I think Norman’s decision is exemplary. I’d like to see more people
like Norman. It’s an act of courage today to jump into this thing, I
agree with you. I don’t know how you have any fun with all the whacko
business that’s going on in Washington. … Don’t you miss Donald Trump? I
mean seriously this is, this was the greatest reality show. …
What we want is sunshine, as long as it’s out there. As long as your
listeners have an opportunity to hear them, don’t let anybody be so
protective and paternalistic where they get themselves in a position
where “Well, we know what’s good for you.” Now we’ve become the thing we
hate. Which by the way, has what’s happened in foreign policy. We are
killing innocent people.
When I was on MSNBC I had people on from Peaceful Tomorrows. These
were citizens who lost family, loved ones in the towers. And they call
us and their message was, “don’t go and kill other innocent people to
avenge the death of my innocent father, or grandfather,” whatever it
was. I could see the pain in their faces across, and this was another
example of moral courage. Imagine these people got up in the middle of
the war fever, and made this point.
Of course, they were ignored. But what’s most interesting to me is
that these people are not alone. You know, right now most people agree
with us. You know, we’re going to have to get used to this. We’re
popular. But I guess we weren’t popular enough in 2003 when we invaded,
but even then there were millions of Americans who opposed the war but
they were never heard, they were never heard. Mainstream media, went
along, to go along.
DB: Well, finally so to be clear here Phil Donahue,
in your heart of hearts, you really believe that somebody like Norman
Solomon can make a difference? Is that what you believe?

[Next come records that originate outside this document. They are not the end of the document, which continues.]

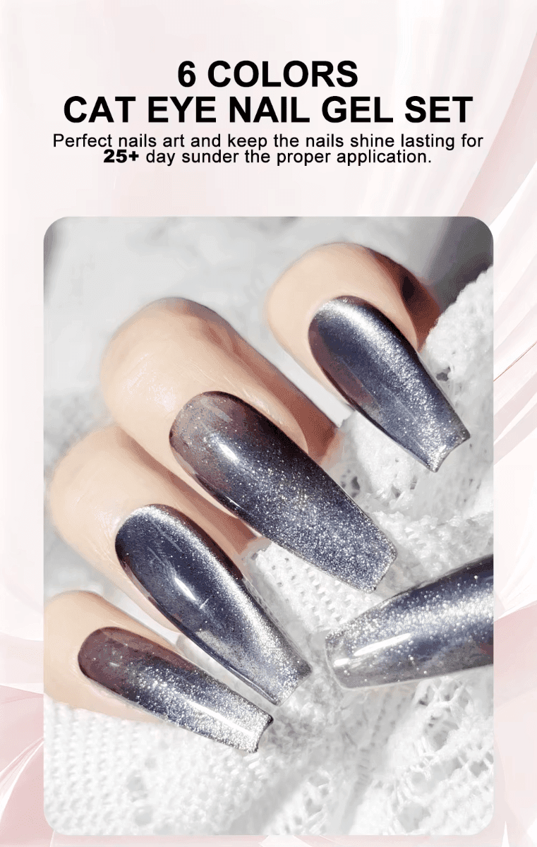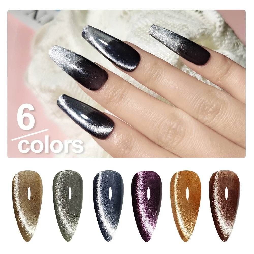 The images showcase the polish's stunning color range, from shimmering silvers to deep purples, each shade offering a unique magnetic effect. The polish glides on smoothly, creating a flawless finish that catches the light beautifully.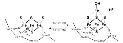 Митохондриальная аконитаза, содержит остатки цистеина в позициях -385, -458 и -451, а также железосерный кластер [4Fe-4S], который имеет решающее значение для её каталитической активности. В неактивном состоянии в кластере отсутствует четвёртый атом железа, который слабо связан и первоначально имеет координационное число 4 (тетраэдрическая структура): три атома серы и один ион гидроксида (воды) в качестве связующего партнёра (см. Рисунок). В каталитической фазе координационное число атома железа увеличивается до 6 (октаэдрическая структура), а затем присоединяется дополнительный изоцитрат и другая молекула воды[5].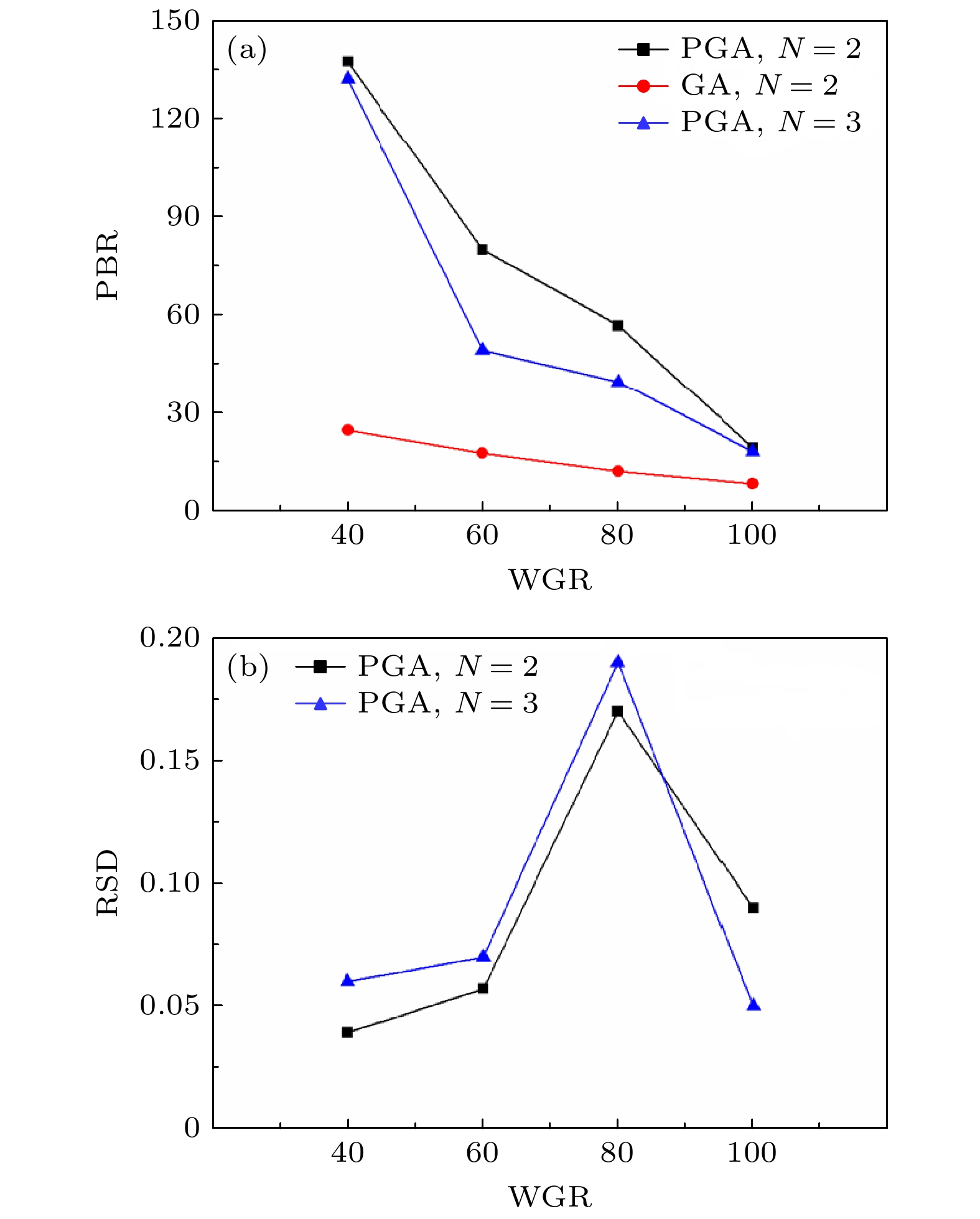 $ I_{{\text{out}}}^{{\text{target}}, n} $ 是第n个焦点目标区域的光强度,$ {I_{{\text{ref}}}} $ 是背景的平均强度. 图6是PGA和GA在经过1000次迭代后2点聚焦和3点聚焦的最佳结果. 从图6可以看到, GA在进行多点聚焦时几乎是没有调制结果的, 而PGA只有在面对WGR = 1/100快速变化的散射光场时, 多点聚焦实验才会失败. 这主要是由于在进行多点聚焦时, 算法更易受外界条件干扰的影响. 从这一点也说明PGA的抗干扰能力要强于GA. 图7(a)是不同WGR下, 多点聚焦时各焦点的平均PBR的变化曲线. 从图7(a)可以看出: 平均PBR值与WGR值成正比; 对于PGA, 平均PBR值随着焦点个数的增加在减小. 这主要是由于焦点个数越多, 优化过程越复杂, 算法对外界的干扰也越敏感, 这就使得单个焦点能达到的最大PBR值变小. 为了评估各多点聚焦焦点亮度的均匀性, 计算了不同WGR下PGA焦点PBR的相对标准偏差(relative standard deviation, RSD), 结果如图7(b). RSD值越小, 焦点强度越均匀. 在可完成多点聚焦的情况下, RSD值与WGR值成反比, 主要是由于WGR值越小, PGA受到外界干扰越明显, 多点聚焦的效果就越差, 这就使得各焦点强度之间的均匀性越差. 而在WGR = 100时, RSD的值突然变小, 这主要是由于PGA对光场几乎没有调控作用, 各焦点目标区域的强度几乎等于优化前的强度. -

PD: You know if I don’t believe that, then I’m a
cynic, and my voice has ended, I no longer, if I think, how many times
have you heard, “Oh, what does it matter, they’re going to go to war
anyway.” I mean I’ve heard that so many times, you know, wars just
happen. … I mean that’s a surrender. …
I mean we’ve got to start somewhere, Dennis. I mean, if Norman
doesn’t, whose going to do it? … I think he’d be a great example for
other progressives to follow him into the public arena of Washington,
D.C. and be a break on this rootin’ tootin’ shootin’ foreign policy that
presidents and others in power seem to believe will make them
heroes. [Vice President Dick] Cheney looked at Bush at a cabinet meeting
[and asked] “You gonna take him out, or not?” Imagine that. This is
cowboy talk.
And it may involve your son, or daughter, who will come home in a
pine box, when the two officers walk up the front walk and the mother
looks out the window, they often faint, before these men get to the
front door. This is the pain that the American people are not seeing,
and I made this one little attempt with the movie titled “Body of War”
to at least expose the sacrifice of one family.